Ultra-Tieftemperatur-Gefrierschrank
Maren Diersing-Espenhorst | am

Vechta: Tierärzte legen Corona-Impfstoff auf Eis

Ein Corona-Impfstoff, der bei einer Temperatur von -75 °C gelagert werden muss, und Impfzentren ohne entsprechende Kühlvorrichtung – wie kann das funktionieren? Tierärzte helfen.

Zusammenbrechende Telefonhotlines, nicht erreichbare Websites, fehlende Impfstoffe – die Coronapandemie macht Niedersachsen zu schaffen. Etwa 50 Impfzentren wurden im gesamten Land in Rekordzeit aus dem Boden gestampft. Nur fahren sie noch immer mit Standgas.

Besonders die Lagerung des Pfizer-BioNTech-Impfstoffs ist eine Herausforderung. Denn den Impfzentren werden vom Land Niedersachsen keine Ultra-Tieftemperatur-Gefrierschränke, die eine sichere Aufbewahrung der Phiolen bei -75 °C ermöglichen, zur Verfügung gestellt.

In Visbek, Landkreis Vechta, ist nun ein tierärztliches Labor eingesprungen und stellt diesen zur Lagerung des sensiblen Impfstoffs zur Verfügung.

Corona-Impfstoff nur 10 Tage haltbar

Der Corona-Impfstoff ist ab dem Zeitpunkt seiner Anlieferung unter Verwendung des mitgelieferten Trockeneises höchstens zehn Tage haltbar. Wird das Vakzine hingegen in einem Ultra-Tieftemperatur-Gefrierschrank deponiert, kann er sechs Monate gelagert werden.

Im Landkreis Vechta ist ein tierärztliches Labor eingesprungen. Das WEK-Labor aus Visbek stellte dem Impfzentrum des Kreises kostenfrei einen Ultra-Tieftemperatur-Gefrierschrank zur Verfügung.

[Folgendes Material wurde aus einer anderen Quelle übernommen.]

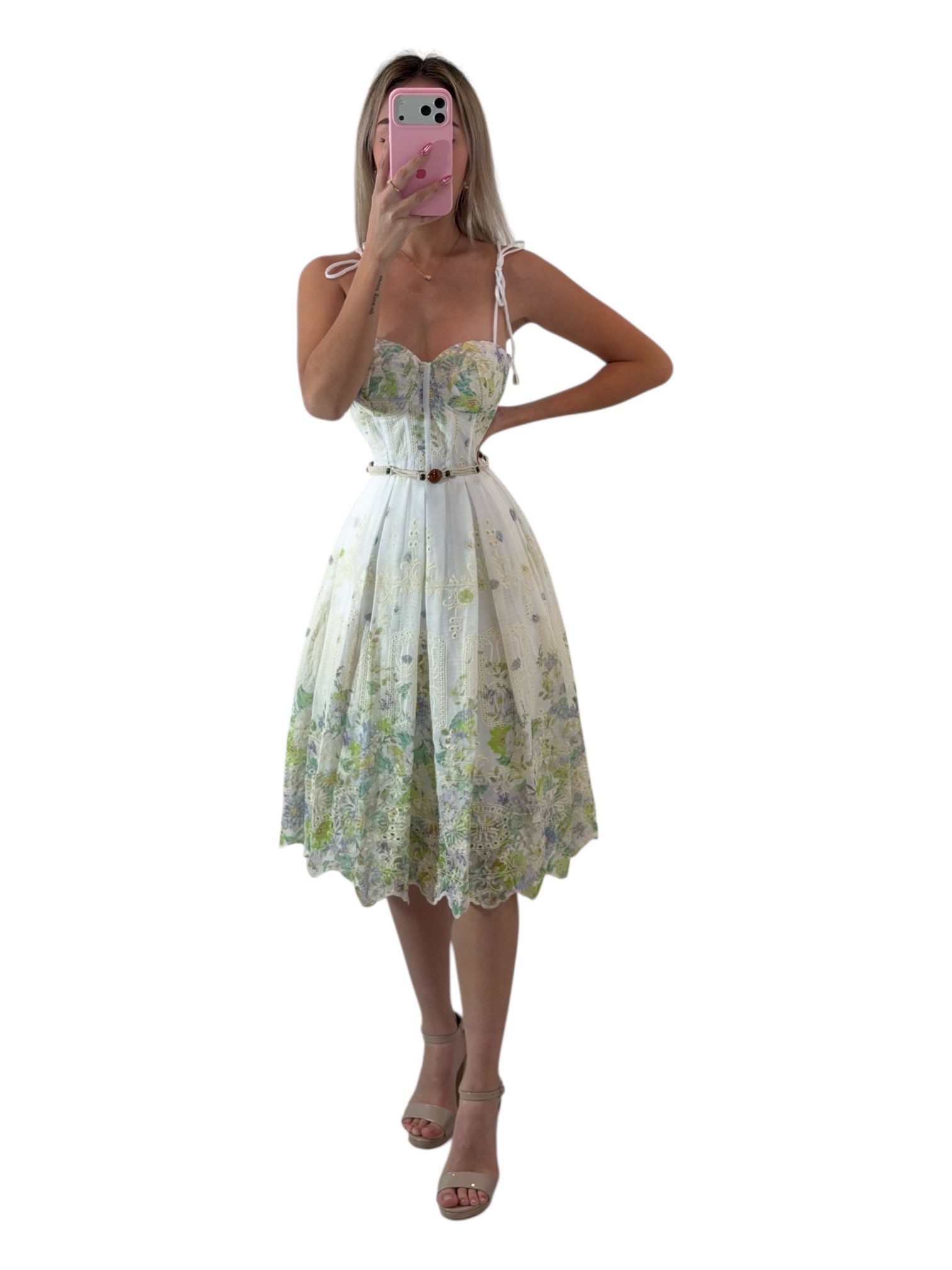 Vestido Midi Blanco Floral Tipo Corset Con Tirantes Ajustables Y Falda Amplia

„Dadurch können wir den Impfstoff sicher und zuverlässig mit qualitativ gleichbleibend hoher Wirksamkeit lagern und ihn passgenau verimpfen“, sagt Dr. Frank Hammersen, ärztlicher Leiter des Impfzentrums gegenüber der LAND & FORST.

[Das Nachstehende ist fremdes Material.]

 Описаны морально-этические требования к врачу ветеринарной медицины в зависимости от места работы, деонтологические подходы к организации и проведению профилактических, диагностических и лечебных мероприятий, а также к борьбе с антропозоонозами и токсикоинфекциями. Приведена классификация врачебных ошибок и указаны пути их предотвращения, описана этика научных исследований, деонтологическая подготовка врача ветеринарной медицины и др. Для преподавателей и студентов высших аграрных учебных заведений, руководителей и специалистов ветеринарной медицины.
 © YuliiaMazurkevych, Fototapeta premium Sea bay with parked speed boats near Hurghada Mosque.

Impfstoff behält volle Wirksamkeit

Für Tierarzt und Laborleiter Dr. Maximilian Casteel war es selbstverständlich, dass sie Hilfe leisten würden. „Wir sind bereits bei den Coronatests aktiv“, sagte Casteel gegenüber der Redaktion. „Als wir dann erfuhren, dass ein Gefrierschrank helfen würde, um die Impfungen besser zu koordinieren, war klar, dass wir gerne einen ausleihen.“

Durch die unbürokratische Hilfe des tierärztlichen Labors, wird sichergestellt, dass der Impfstoff seine volle Wirksamkeit behält, da die Phiolen konstant bei -75°C gelagert werden können.

Dadurch ist das Impfzentrum des Landkreis Vechtas in der Lage, den begrenzt vorhandenen Impfstoff koordiniert einzusetzen. Außerdem werden die Mitarbeiter des Zentrums geschützt, da das Gefährdungsrisiko durch den Umgang mit dem Trockeneis deutlich gesenkt wurde.